Exercise prompt:
Exactly the lines from the start of the data below through the line that contains "Controller untuk UPS" are to be copied, with pictures left out.

[[ The data, beginning ]]

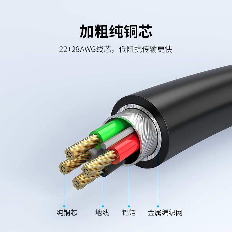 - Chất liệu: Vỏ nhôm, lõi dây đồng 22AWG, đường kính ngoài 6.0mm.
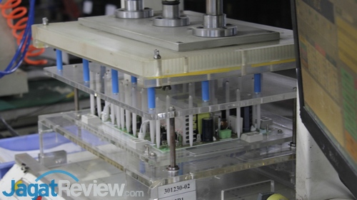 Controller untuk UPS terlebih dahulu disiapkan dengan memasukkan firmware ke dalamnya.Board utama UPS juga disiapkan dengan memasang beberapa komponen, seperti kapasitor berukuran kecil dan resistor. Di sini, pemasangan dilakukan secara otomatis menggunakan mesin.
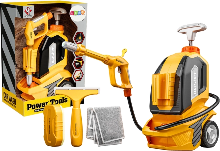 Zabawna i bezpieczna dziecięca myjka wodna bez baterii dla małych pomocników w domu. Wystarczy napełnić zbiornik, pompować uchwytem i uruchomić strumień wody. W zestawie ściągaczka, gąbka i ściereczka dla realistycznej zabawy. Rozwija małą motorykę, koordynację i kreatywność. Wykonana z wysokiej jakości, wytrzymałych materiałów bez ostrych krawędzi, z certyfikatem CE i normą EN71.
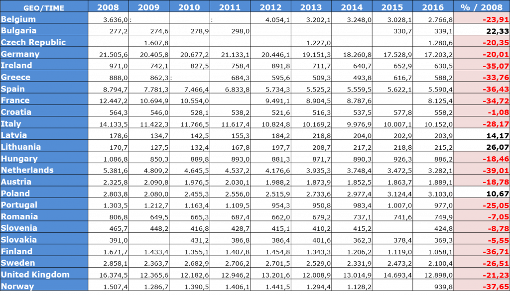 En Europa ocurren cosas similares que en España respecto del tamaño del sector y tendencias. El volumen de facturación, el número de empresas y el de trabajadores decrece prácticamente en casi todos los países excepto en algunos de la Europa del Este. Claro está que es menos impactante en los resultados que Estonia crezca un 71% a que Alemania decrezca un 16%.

[[ The data, end ]]

Solved exercise:
 - Chất liệu: Vỏ nhôm, lõi dây đồng 22AWG, đường kính ngoài 6.0mm.
 Controller untuk UPS terlebih dahulu disiapkan dengan memasukkan firmware ke dalamnya.Board utama UPS juga disiapkan dengan memasang beberapa komponen, seperti kapasitor berukuran kecil dan resistor. Di sini, pemasangan dilakukan secara otomatis menggunakan mesin.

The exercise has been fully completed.